R. v. JM, 2017 ONSC 682, at para 12.

However, health and counselling records could be admissible if they disclose the pathology, or chemical state, of the Complainant’s mind at the time of the alleged sexual assault:

 R v Beckford, 2012 ONSC 7365 (CanLII), at para 37.

 Sufficient grounds to establish that the records are likely relevant to issues at trial

·         evidence that the Complainant’s narration of the sexual assault has changed over time in relation to her speaking with a therapist: R v MacArthur, 2014 ONSC 5583 (CanLII), at paras 7, 19, 26.

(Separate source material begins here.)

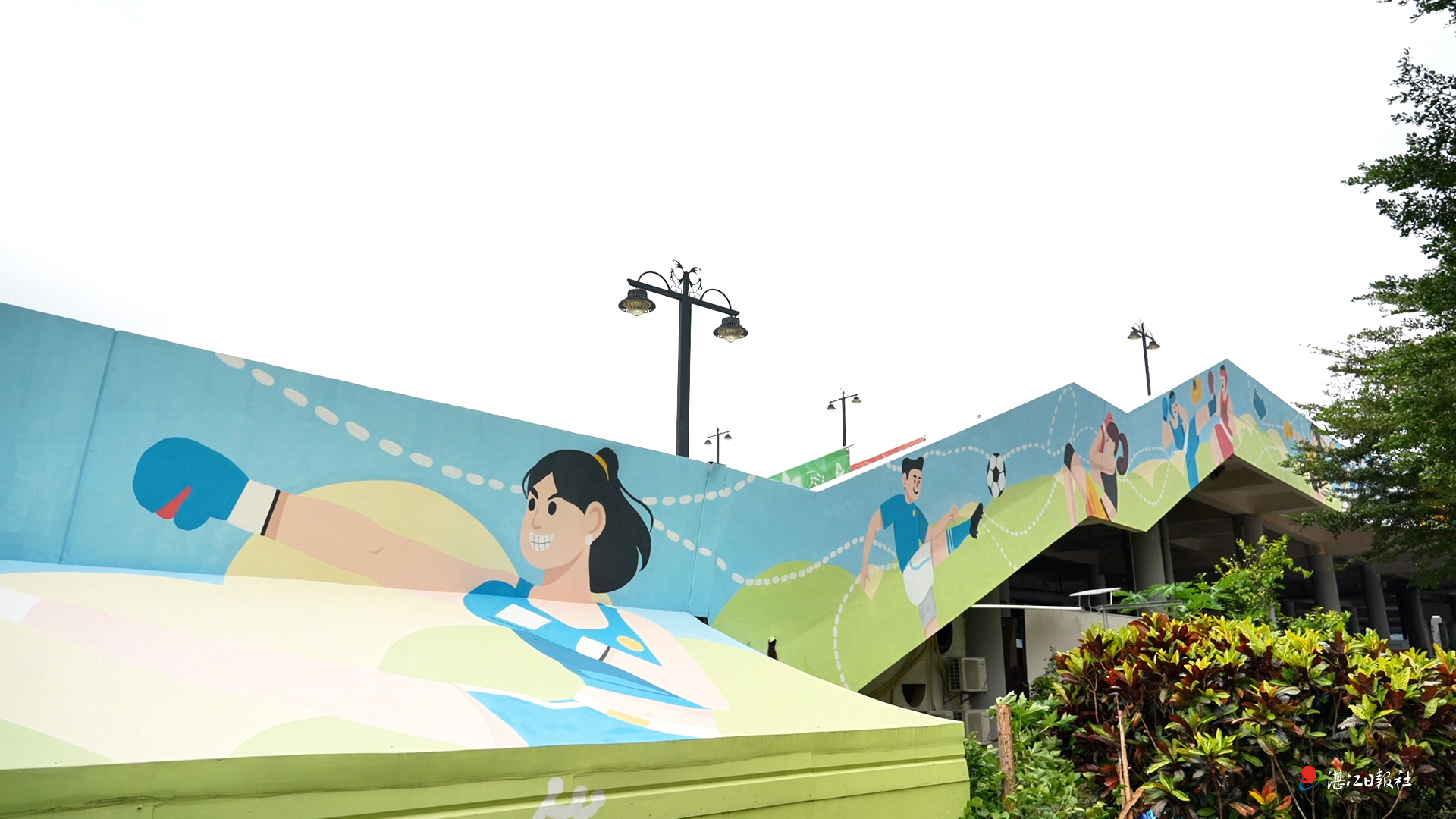 步入湛江奥体中心,全运主题元素随处可见。主干道两侧醒目的指引牌一路延伸,体育馆周边墙面及支撑柱均绘有动感彩绘涂鸦,与周边提升的绿化环境相得益彰。场馆入口处,十五运会吉祥物“喜洋洋”和“乐融融”的立体雕塑俏皮伫立,与远处的海湾大桥遥相呼应,构成一幅活力四射的体育画卷。

·         evidence suggesting that counselling contributed to the Complainant going to the police, or that counselling played a role in reviving, refreshing, or shaping her memory: Batte, at para 69.  

·         evidence of a specific credibility issue to which the records are likely relevant: R. v. R.L., 2012 ONSC 1401 (CanLII) [credibility, motive to falsely accuse].

·         health and counselling records could be admissible if they disclose the pathology, or chemical state, of the Complainant’s mind at the time of the alleged sexual assault: R v Beckford, 2012 ONSC 7365 (CanLII), at para 37.